(WASHINGTON) — President Obama has been busy recently, his schedule filled with lunch and dinner dates with Republican leaders as part of his new charm offensive. Republicans seem to be receptive to Obama’s new tune.
“If we’re going to really get to an agreement, this is a good step,” Wisconsin’s Senator Ron Johnson, told George Stephanopoulos on ABC News’ This Week. “You have to start meeting with people. You have to start developing relationships. You’ve got to spend a fair amount of time figuring out what we agree on first.”
Most Republicans also seem to be rejecting the notion that the charm offensive is nothing but a political front, and believe that Obama is truly dedicated to dealing with the sequester.
“I’m welcoming with open arms.
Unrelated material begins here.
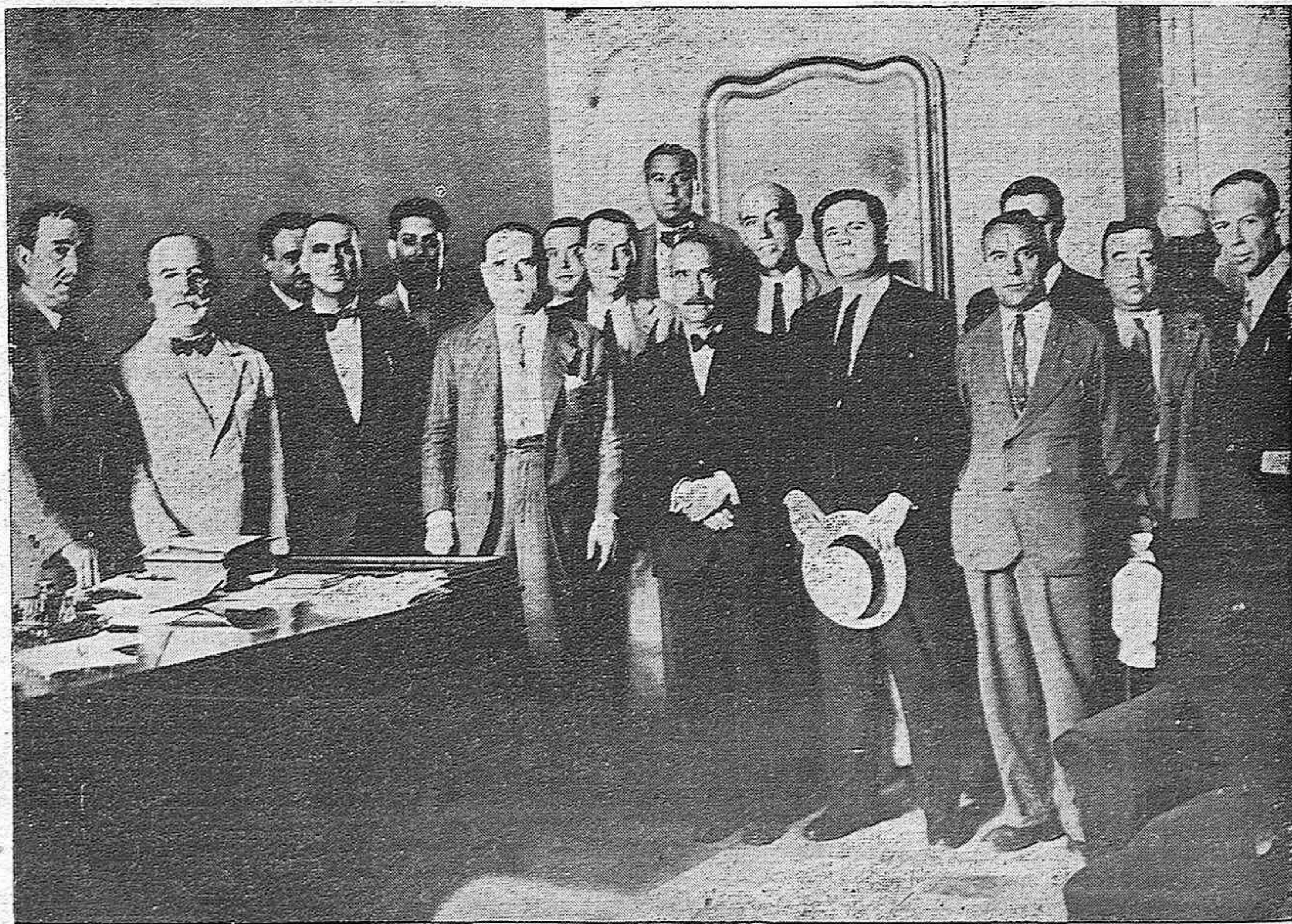
CONTRA UNA CAMPANA DIFAMATORIA.—Grupo de concejales de nuestro Ayuntamiento que acudieron a protesta ante el gobernador civil, de la campaña de difamación contra las autoridades del periódico "Política".

Ingresó en los calabozos de la Comisaría a disposición del juzgado correspondiente.

I think the president is tremendously sincere. I don’t think this is just a political change in tactic,” Senator Tom Coburn of Oklahoma said on NBC’s Meet the Press.
“It’s time to start leading, and the way you do that is quit poking your finger in people’s eyes and start building relationships, and I think he’s got a great chance to accomplish a big deal,” he said. “But, you know, you’ve got a lot of scabs and sores on people that it’s going to take a while for that to heal.”
Republican Representative Paul Ryan was appreciative of the Obama’s change in tone, noting that this was the first time he had actually had a chance to really talk to the president, despite running against him in 2012.
“I’ve never really had a conversation with him, on these issues before. I am excited that we had the conversation,” Ryan said during an appearance on Fox News Sunday.
Democrats also said the president’s outreach to the other side of the isle was a positive step.
“I think the meetings are a good idea because you understand each other better and you may get a measure of courage,” House Minority Leader Nancy Pelosi said on CNN’s State of the Union. “All of us come here to get a job done for the American people, and certainly that is the case with the president of the United States. He’s been very bipartisan in his approach.”
Republican Representative Cory Gardner of Colorado said he liked the charm offensive, and thought it was a promising step, but he doesn’t expect the outreach to result in an agreement right away, saying on NBC’s Meet the Press, “I hope that he’s genuine, but I don’t think we’ll be doing the Harlem Shake anytime soon.”